WORK INSTRUCTION
All of the data below should be printed again exactly, pictures excluded.

PROVIDED MATERIAL
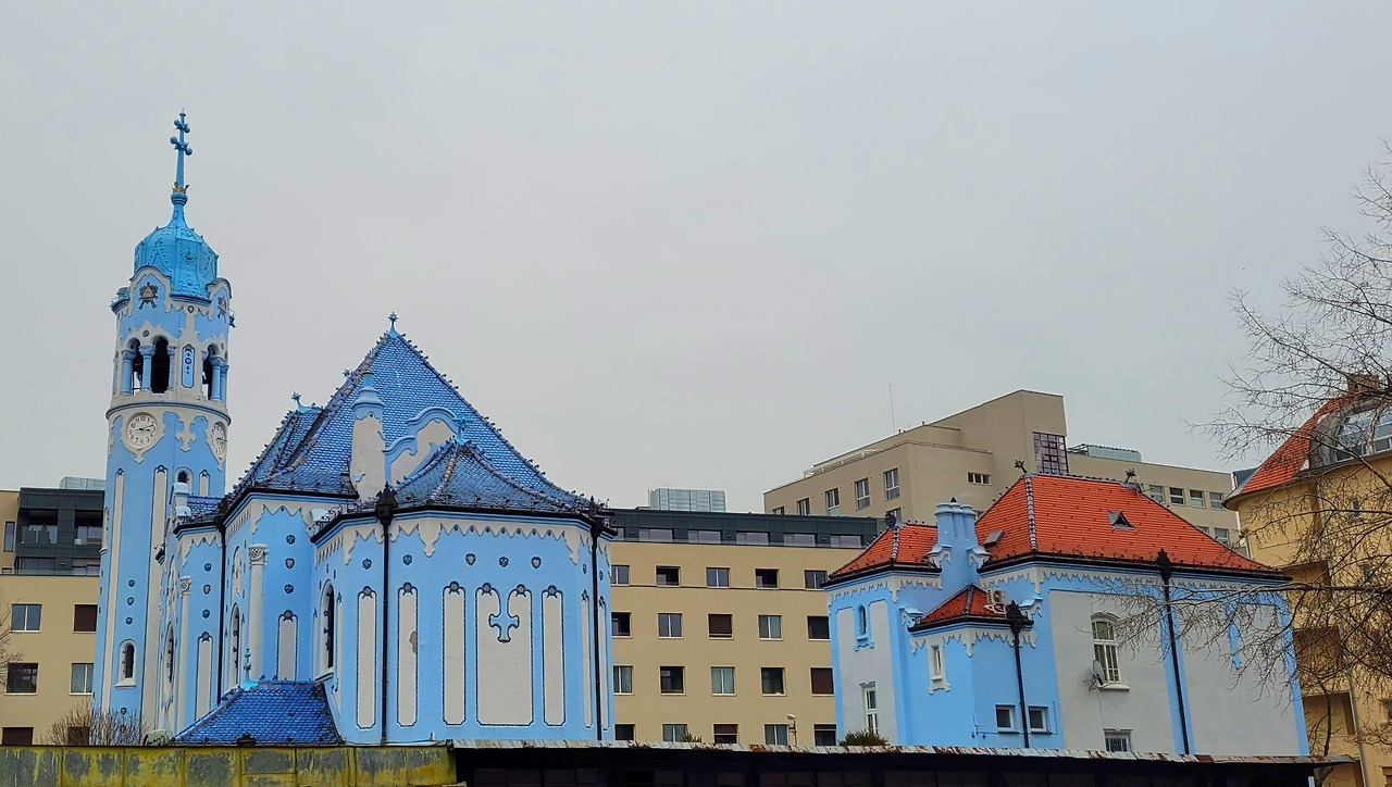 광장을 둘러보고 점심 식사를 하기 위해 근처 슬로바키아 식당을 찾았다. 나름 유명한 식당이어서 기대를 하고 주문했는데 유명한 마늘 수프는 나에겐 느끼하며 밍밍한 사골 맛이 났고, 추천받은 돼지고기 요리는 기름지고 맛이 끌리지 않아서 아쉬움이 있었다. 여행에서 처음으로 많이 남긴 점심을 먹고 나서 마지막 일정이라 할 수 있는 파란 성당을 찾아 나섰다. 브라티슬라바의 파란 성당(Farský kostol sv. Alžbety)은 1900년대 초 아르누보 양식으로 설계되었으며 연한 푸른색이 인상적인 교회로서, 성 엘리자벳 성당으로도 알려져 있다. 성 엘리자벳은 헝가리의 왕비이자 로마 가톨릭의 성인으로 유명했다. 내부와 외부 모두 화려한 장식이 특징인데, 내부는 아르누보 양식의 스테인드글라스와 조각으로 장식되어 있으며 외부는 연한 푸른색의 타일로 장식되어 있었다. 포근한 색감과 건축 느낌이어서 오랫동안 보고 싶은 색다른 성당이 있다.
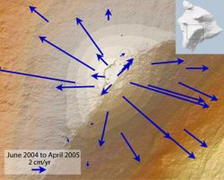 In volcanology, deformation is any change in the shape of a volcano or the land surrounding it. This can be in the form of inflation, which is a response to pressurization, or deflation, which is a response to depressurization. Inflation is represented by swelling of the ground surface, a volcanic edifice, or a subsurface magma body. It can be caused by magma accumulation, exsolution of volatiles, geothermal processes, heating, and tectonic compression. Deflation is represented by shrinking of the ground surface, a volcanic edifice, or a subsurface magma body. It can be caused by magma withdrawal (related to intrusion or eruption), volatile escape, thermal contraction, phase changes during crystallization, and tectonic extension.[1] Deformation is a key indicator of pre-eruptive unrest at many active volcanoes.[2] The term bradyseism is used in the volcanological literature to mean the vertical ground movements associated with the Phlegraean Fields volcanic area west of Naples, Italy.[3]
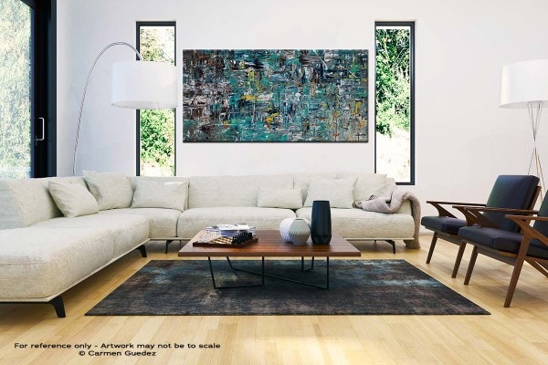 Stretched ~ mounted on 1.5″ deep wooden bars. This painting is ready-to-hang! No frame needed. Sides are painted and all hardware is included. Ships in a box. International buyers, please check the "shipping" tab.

OUTPUT OF THE TASK
 광장을 둘러보고 점심 식사를 하기 위해 근처 슬로바키아 식당을 찾았다. 나름 유명한 식당이어서 기대를 하고 주문했는데 유명한 마늘 수프는 나에겐 느끼하며 밍밍한 사골 맛이 났고, 추천받은 돼지고기 요리는 기름지고 맛이 끌리지 않아서 아쉬움이 있었다. 여행에서 처음으로 많이 남긴 점심을 먹고 나서 마지막 일정이라 할 수 있는 파란 성당을 찾아 나섰다. 브라티슬라바의 파란 성당(Farský kostol sv. Alžbety)은 1900년대 초 아르누보 양식으로 설계되었으며 연한 푸른색이 인상적인 교회로서, 성 엘리자벳 성당으로도 알려져 있다. 성 엘리자벳은 헝가리의 왕비이자 로마 가톨릭의 성인으로 유명했다. 내부와 외부 모두 화려한 장식이 특징인데, 내부는 아르누보 양식의 스테인드글라스와 조각으로 장식되어 있으며 외부는 연한 푸른색의 타일로 장식되어 있었다. 포근한 색감과 건축 느낌이어서 오랫동안 보고 싶은 색다른 성당이 있다.
 In volcanology, deformation is any change in the shape of a volcano or the land surrounding it. This can be in the form of inflation, which is a response to pressurization, or deflation, which is a response to depressurization. Inflation is represented by swelling of the ground surface, a volcanic edifice, or a subsurface magma body. It can be caused by magma accumulation, exsolution of volatiles, geothermal processes, heating, and tectonic compression. Deflation is represented by shrinking of the ground surface, a volcanic edifice, or a subsurface magma body. It can be caused by magma withdrawal (related to intrusion or eruption), volatile escape, thermal contraction, phase changes during crystallization, and tectonic extension.[1] Deformation is a key indicator of pre-eruptive unrest at many active volcanoes.[2] The term bradyseism is used in the volcanological literature to mean the vertical ground movements associated with the Phlegraean Fields volcanic area west of Naples, Italy.[3]
 Stretched ~ mounted on 1.5″ deep wooden bars. This painting is ready-to-hang! No frame needed. Sides are painted and all hardware is included. Ships in a box. International buyers, please check the "shipping" tab.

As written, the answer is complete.